I waved him off, rolling my eyes. “Don’t even go there man, you get put in the hospital for having your heart stop in your chest you don’t ever want to think about it again. You don’t give a damn if Pam Anderson was your freaking nurse. So, about the game. Did we win or what? No one would tell me while I was in, they all claimed they didn’t know.”

All three of them shifted their gaze to anywhere in the room that wasn’t me, I could hear the rustling of their clothes as they shifted uncomfortably in their seats.

I pinched the bridge of my nose between my fingers, feeling the beginnings of a headache coming on already. It was not going to be a pleasant day.

“We lost, huh. That’s just great, no wonder you guys looked at me like you didn’t know me when I showed up.” I stood, grabbing my bag. “Listen, for what it’s worth, I’m sorry I let you guys down, the team down. I’m sorry I fucked up.”
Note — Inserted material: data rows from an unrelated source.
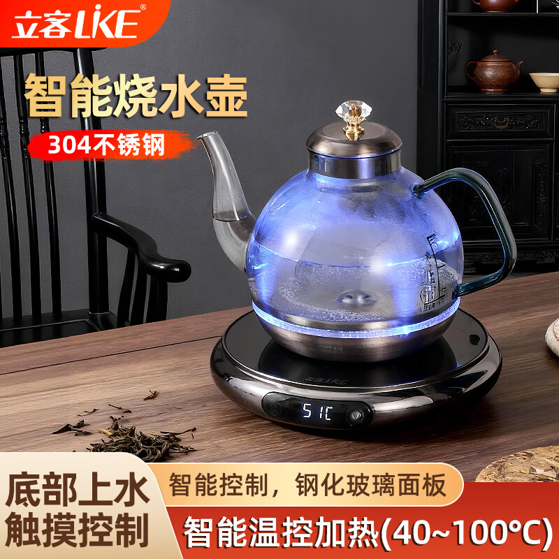 立客(LIKE)全自动上水电热水壶加厚高硼硅玻璃304不锈钢发热盘煮开水壶带蓝光灯 1L 底部上水侧把壶LK-C32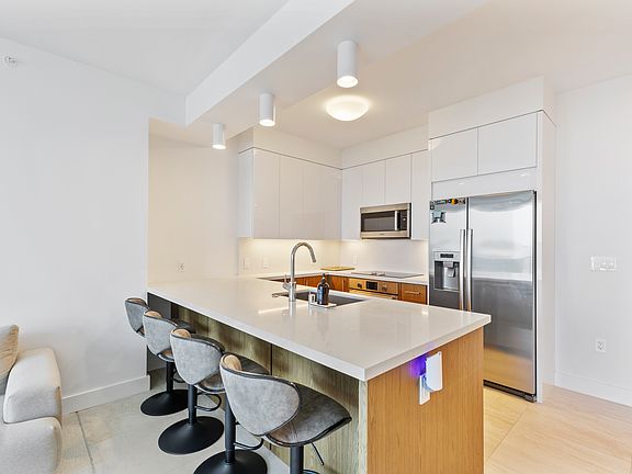 Azure Ala Moana offers resort-style amenities. Enjoy the pool, fitness center, spa, BBQ cabanas, and a club lounge with a kitchen. Additional amenities include a movie theatre, guest suites, a dog park, EV charging stations, and 24-hour security.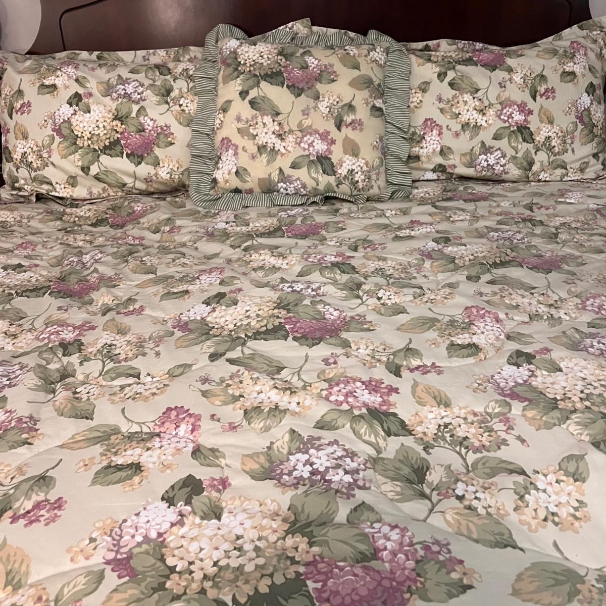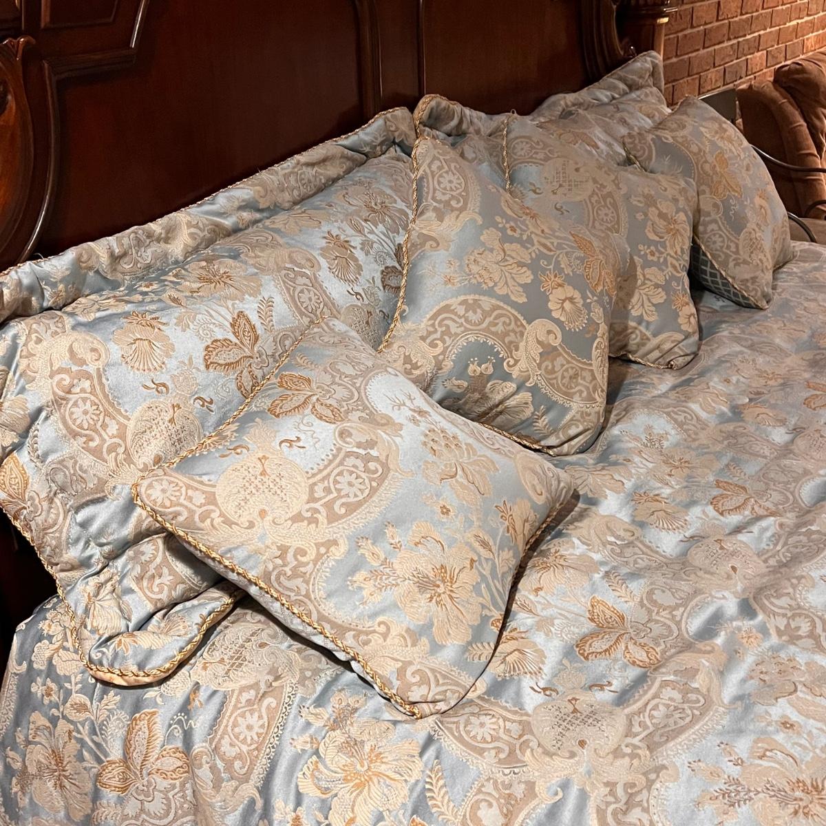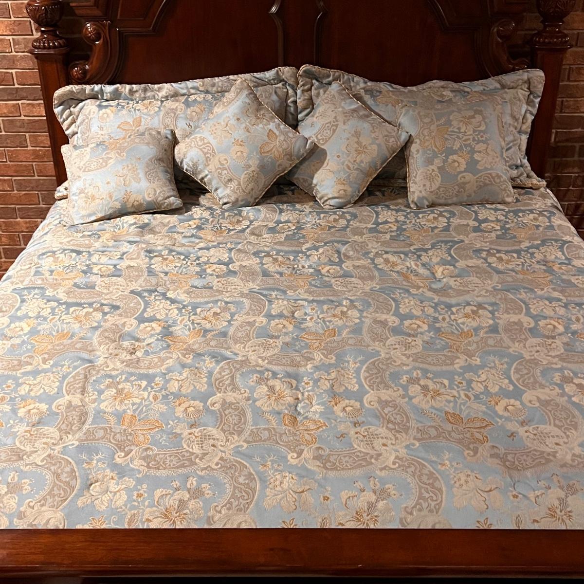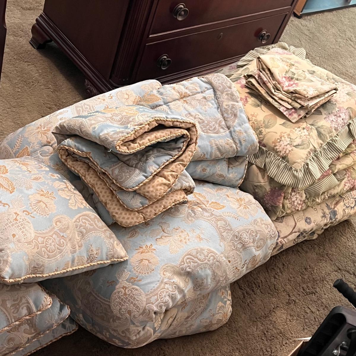 Lot includes three king size comforters that are all reversible, pillow shams to match each comforter, and a few decorative pillows. The first comforter shown is Martha Stewart. The second shown does not have any tags. The third comforter is Croscill. All in excellent condition. Shipping available. Shipping can be costly. We suggest contacting our preferred local shipping provider, Postage Express, with dimensions and getting an estimate before bidding: (828) 255-9250 or shipping@postageexpressnc.com.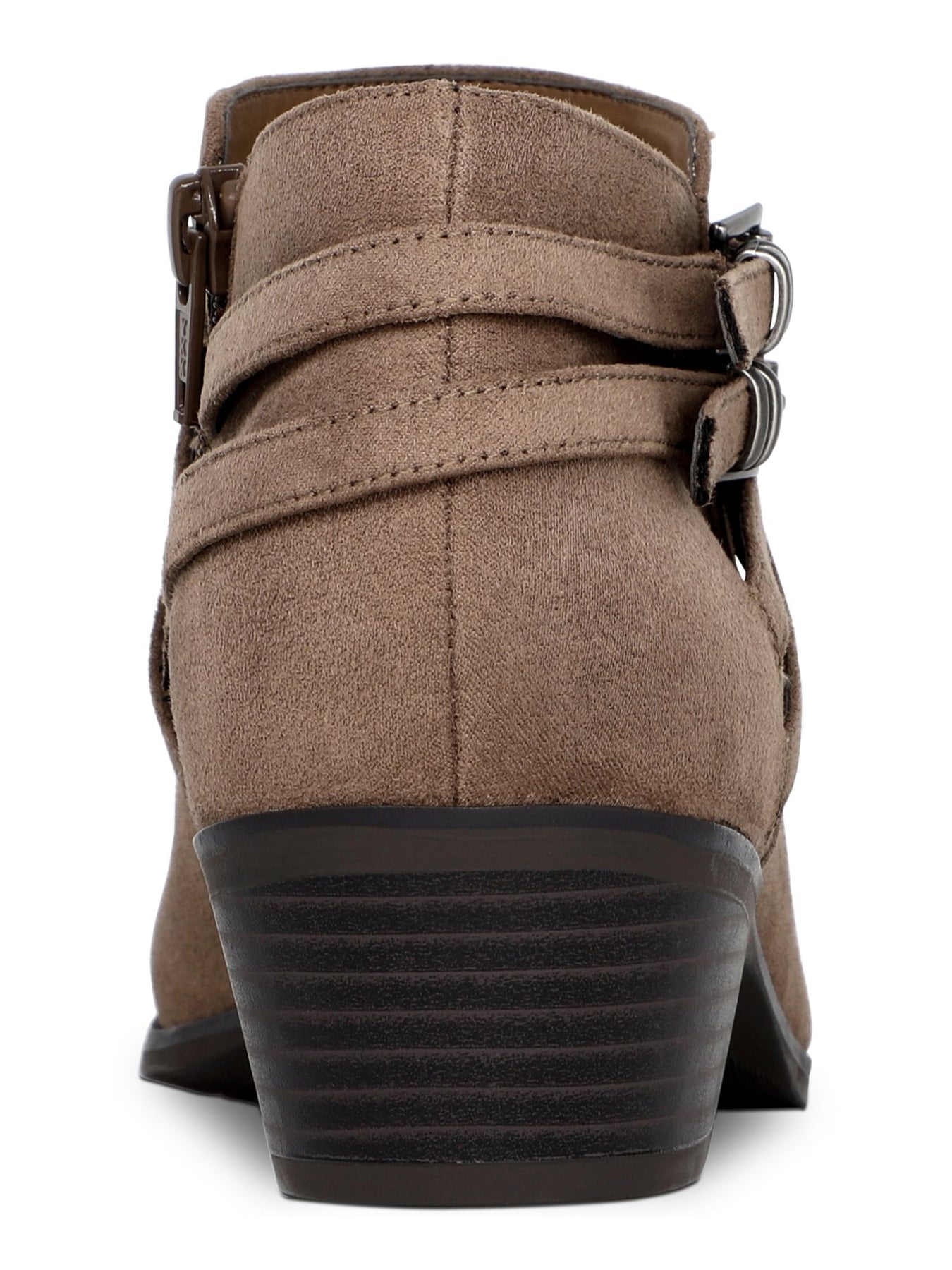 Womens Beige Cushioned Buckle Accent Willoww Round Toe Block Heel Zip-Up Booties M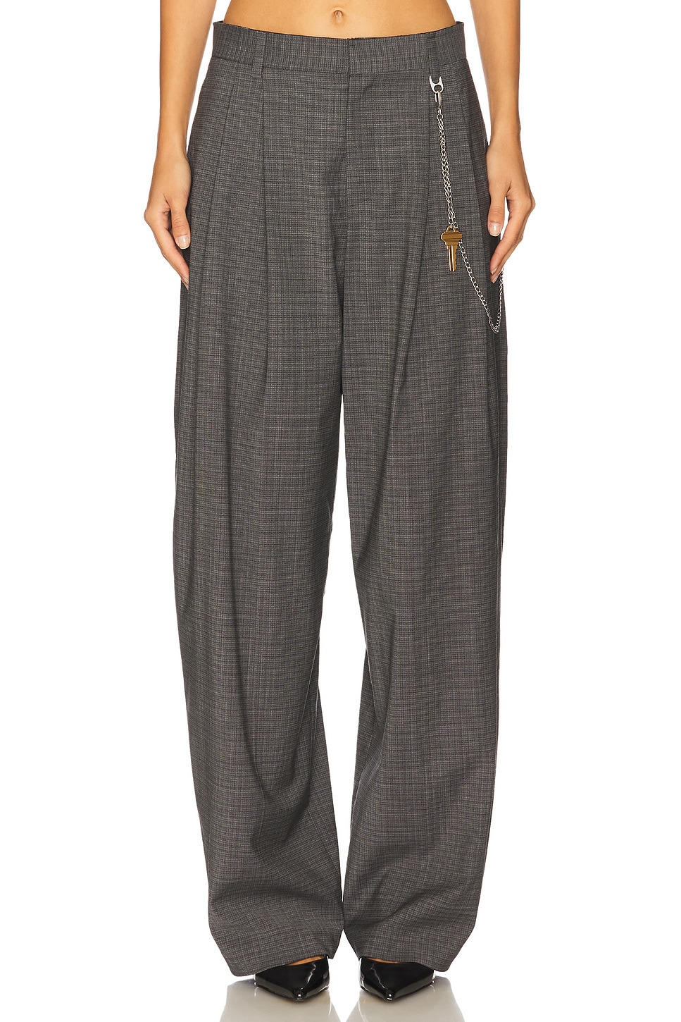 - Self: 86% wool 10% polyester 4% elastane Lining: 100% viscose - Dry clean only - Zip fly with hook and bar closure.4-pocket styling - Detachable chain - Lightweight pleated suiting fabric - Item not sold as set - Revolve Style No. AWAR-WP60 - Manufacturer Style No. 1WC3254871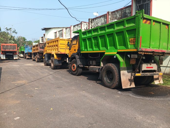 चिपी-परुळे विमानतळ परिसरात चिपी वेंगुर्ले रस्ता येथे अनधिकृत गौण खनिज वाळू वाहतूक करणारे आठ डंपर वेंगुर्ले तहसीलदार ओंकार ओतारी यांच्या मार्गदर्शनाखाली महसूल विभागाच्या ग्राममहसूल अधिकारी परुळे राहुल गवते, ग्राम महसूल अधिकारी रावदस रजनीकांत नायकोडे, ग्राम महसूल अधिकारी कोचरा सायली आंदुर्लेकर, ग्राम महसूल सेवक (कोतवाल) परुळे रुक्मानंद वरक या पथकाने पकडून दंडात्मक कारवाईसाठी तहसीलदार वेंगुर्ले कार्यालय येथे आणले आहेत. प्रांत अधिकाऱ्यांच्या आदेशानुसार तहसीलदार सोमवारी दंडात्मक कारवाई करणार आहेत.

Austin shot me a half-pitying look. “Come on Riggs, you know we don’t blame you. We lost, and it wasn’t your fault. We had time for one more play, but after we saw you get taken off the field like that, when they said you might die, not one of us had the energy to run that ball into the end zone. You burned yourself out for us man, almost killed yourself for us. Not one guy on the team doesn’t love you like a brother.”

“I can think of one who doesn’t,” I said stoically, letting my gaze settle on a table in the distance where Amy Medlen was sitting with a former member of my crew. One Josh Lexon, good guy, ex-best friend, lineman. Amy’s boyfriend.

“Shoulda finished what I started,” I concluded before turning and walking quickly from the cafeteria.